Psilocybe fungi have played a major part in indigenous cultures in Mesoamerica for centuries and we’ve only just scratched the surface in terms of its medicinal benefits in treating patients with depression, PTSD and cancer through psychedelic-assisted therapy

“If psilocybin does turn out to be this kind of wonder drug, there’s going to be a need to develop therapeutics to improve its efficacy. What if it already exists in nature?” said Bryn Dentinger, curator of mycology at NHMU and senior author of the study. 

“There’s a wealth of diversity of these compounds out there. To understand where they are and how they’re made, we need to do this kind of molecular work to use biodiversity to our advantage.”
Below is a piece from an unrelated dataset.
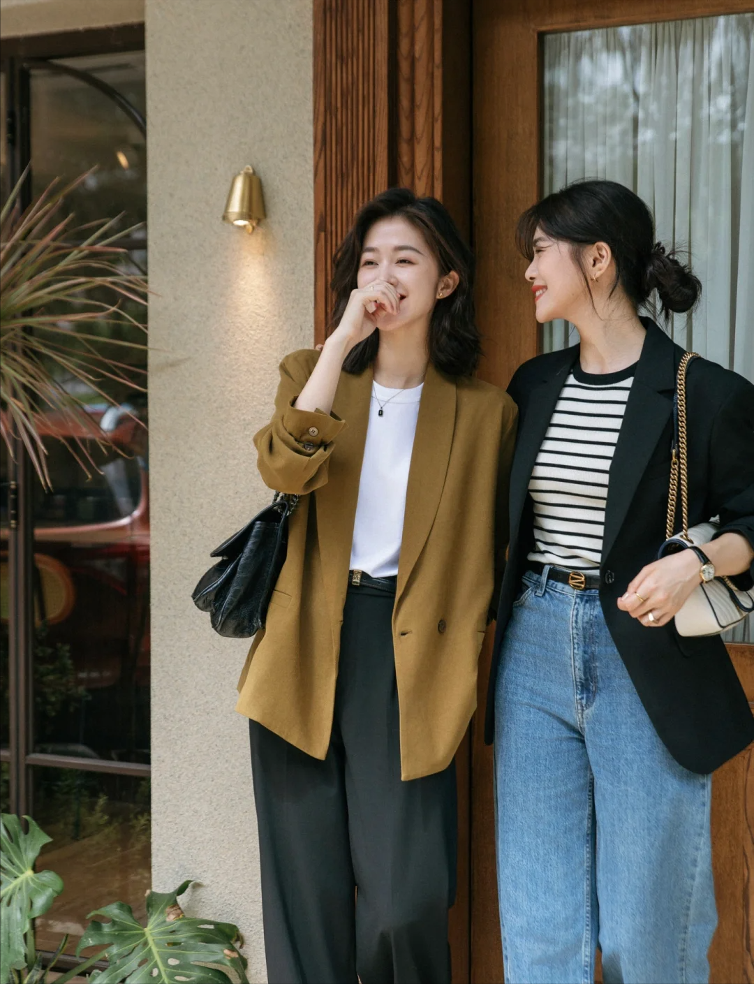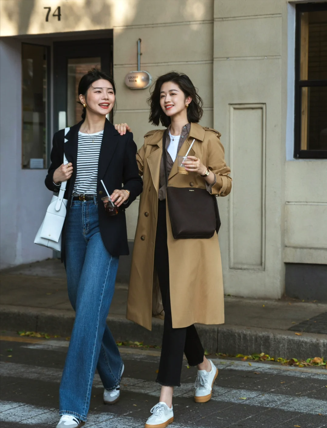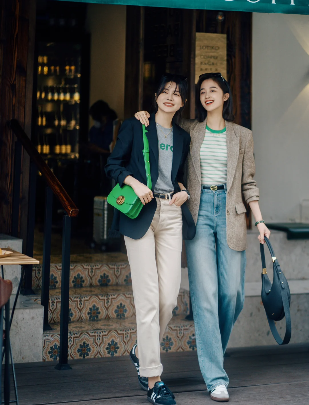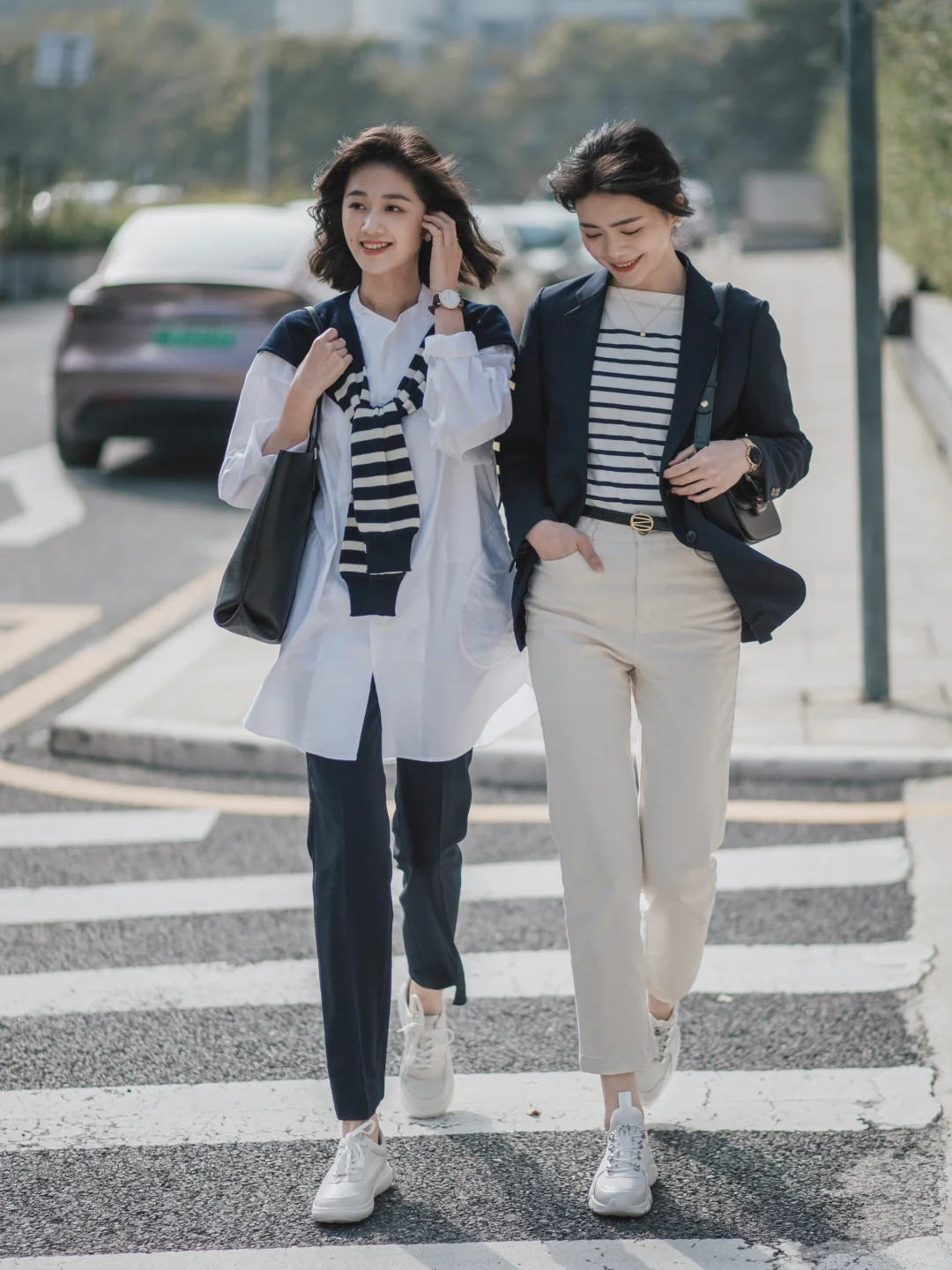 我们来谈谈如何将“西装+运动鞋”的组合做得洋气又好看。首先,要注意西装的选择。可以选择一套修身剪裁的西装外套搭配宽松的西装裤,这样能够平衡整体的比例,既能突出女性的曲线美,又能显露西装的干练风格。

The project to map out the genome sequence for every Psilocybe type specimen started in 2020 and to date the team have generated genomes for 71 specimens and will continue with their collaborations around the world. 

“It’s impossible to overstate the importance of collections for doing studies like this. We are standing on the shoulders of giants, who spent thousands of people-power hours to create these collections, so that I can write an email and request access to rare specimens, many of which have only ever been collected once, and may never be collected again,” said Alexander Bradshaw, a postdoctoral researcher and lead author of the study.